Guest: The data and pressure readings are run through our machine learning platform and algorithms, and that provides an understanding of fracture geometry and response volumes. It’s then used to gain information and test hypotheses on a pad in a formation, and it can help to inform optimal well spacing, whether wells with fewer stages will perform as efficiently as those with more. And it can predict how long fractures will remain open and help to mitigate depletion issues.
“There is a thorough review and quality control process for the data we ingest. If any issues are identified, we’ll work with the operator up front to make sure that we fix those.”
—Ryan Guest, Well Data Labs
E&P Plus: Do you need the datapoints to be cleaned or quality control-checked before your analysis?
Guest: There is a thorough review and quality control process for the data we ingest. If any issues are identified, we’ll work with the operator up front to make sure that we fix those.
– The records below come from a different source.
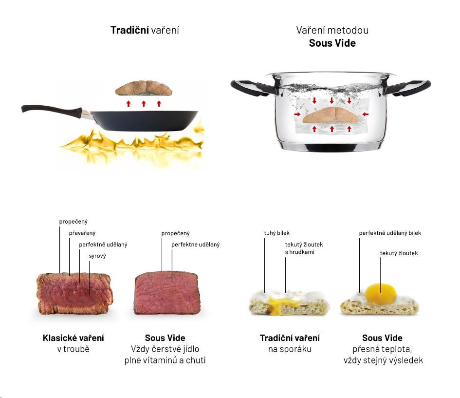 Metoda sous vide při vaření zachovává všechny živiny a vitaminy, k přípravě jídla nepotřebujete žádný tuk.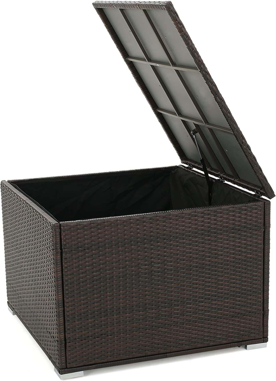 - This outdoor storage box is the perfect solution to all of your storage needs. Keep your lightweight summer blankets for those cooler summer nights, or extra plastic dishware for when you and your guests dine outside. Not only does this storage box provide extra storage for your outdoor patio, but you can use it as an informal table when the need arises. The sturdy iron frame provides both stability and longevity for this storage solution, allowing you to store without worry.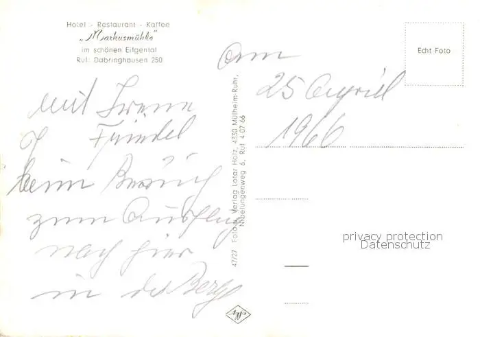 73828714 Dabringhausen Hotel Restaurant Markusmuehle Dabringhausen postalisch nicht gelaufen 1966 Erhaltung siehe scans [WerneD78] [WernPID7 ]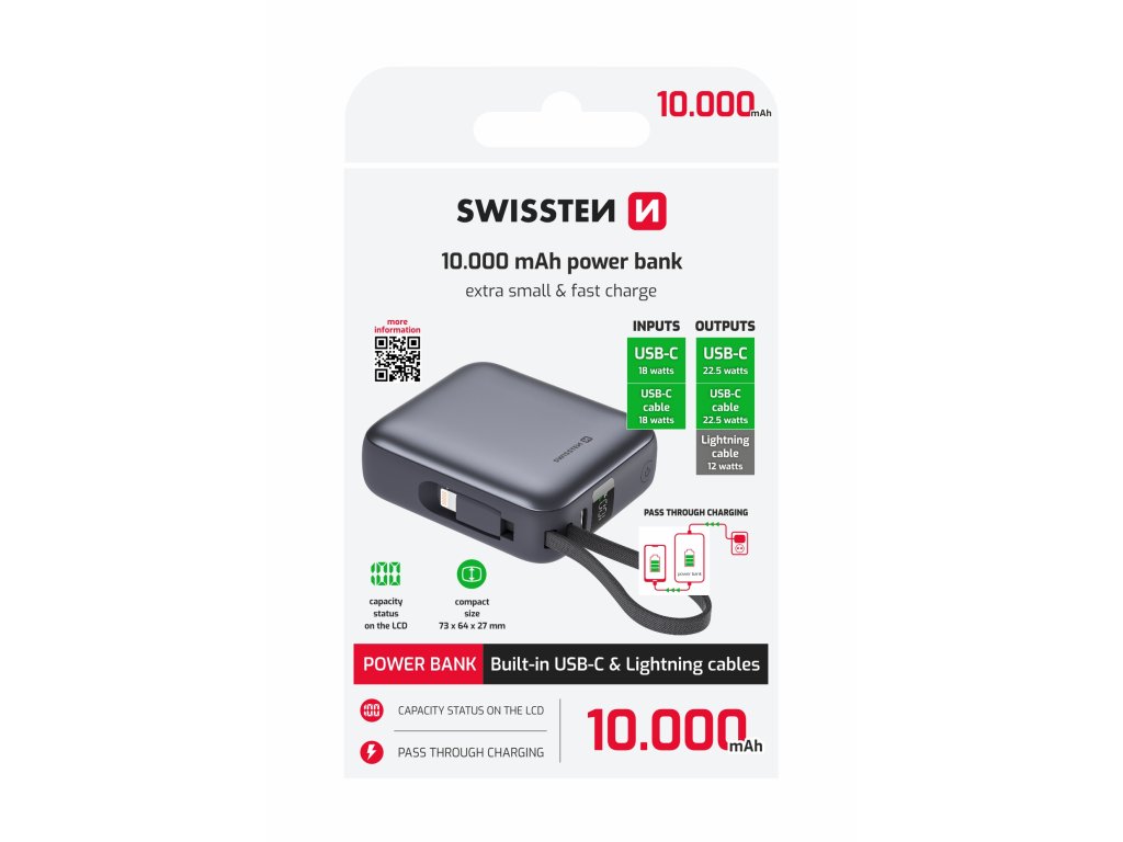 Powerbanka Swissten Space 10 000 mAh s integrovanými kabely USB-C & Lightning – stříbrná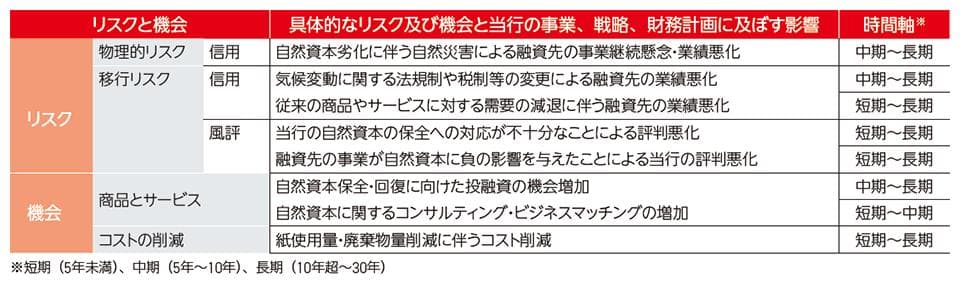 当行グループは、自然関連のリスク(物理的リスク・移行リスク)及び機会について、短期(5年未満)、中期(5年~10年)、長期(10年超~30年)の時間軸で定性的に分析しています。自然関連のリスク及び機会の具体的な内容、自然関連のリスク及び機会が、当行の事業、戦略、財務計画に及ぼす影響は、以下のとおりです。

Among the most critical steps is ensuring that we have accurate time synchronization of the various gauges, because you’ll have some that are on the monitor well, as well as gauges that are monitoring the treatment wells themselves. We want to make sure that that’s synched up, and we want to make sure that the frac parameters are clear and set and that we’re selecting the appropriate smoothing method.
E&P Plus: What made this technology possible now versus before?
Lowe: Devon has invested heavily in the tools and the processes that speed up the analysis described. When you marry that investment with tools, the engineering talent and the discoveries, they seem to be coming much faster than we’ve seen before. Specifically, several years ago we decided as a company that we were going to collect and stream all of our frac data from our well sites into our own proprietary systems. That forced us to build out the tools and the processes to have good quality data that we could do analysis around.
E&P Plus: Is there a recommended ratio between monitor wells and producing wells?
Haustveit: One monitor can monitor multiple offset wells, but to the number, the more we can get, the better. But it’s really based on the goal of the project. If it’s to be focused on a depleted area, and you’re trying to understand the asymmetry, you may only need one monitor well. If you’re trying to understand the impacts of vertical staggering and multi-vendor developments, it’s best to have a monitor in one or more benches to understand height from a treatment well up or down into a different bench. So it’s tough to put a single ratio on it.
E&P Plus: What further improvements or refinements are planned or in process?
Haustveit: The next big advancement operationally is using a zipper operation, using two wells and creating a sealed wellbore in each well as we zipper by, either setting a different type of plug or ball in place, which we normally do to set a plug, [and] we have our frac ball on top of the plug. We can pressure up on it and then create a sealed wellbore above that plug. That’s going to be a big step forward because it’s going to open the door for a lot more monitoring.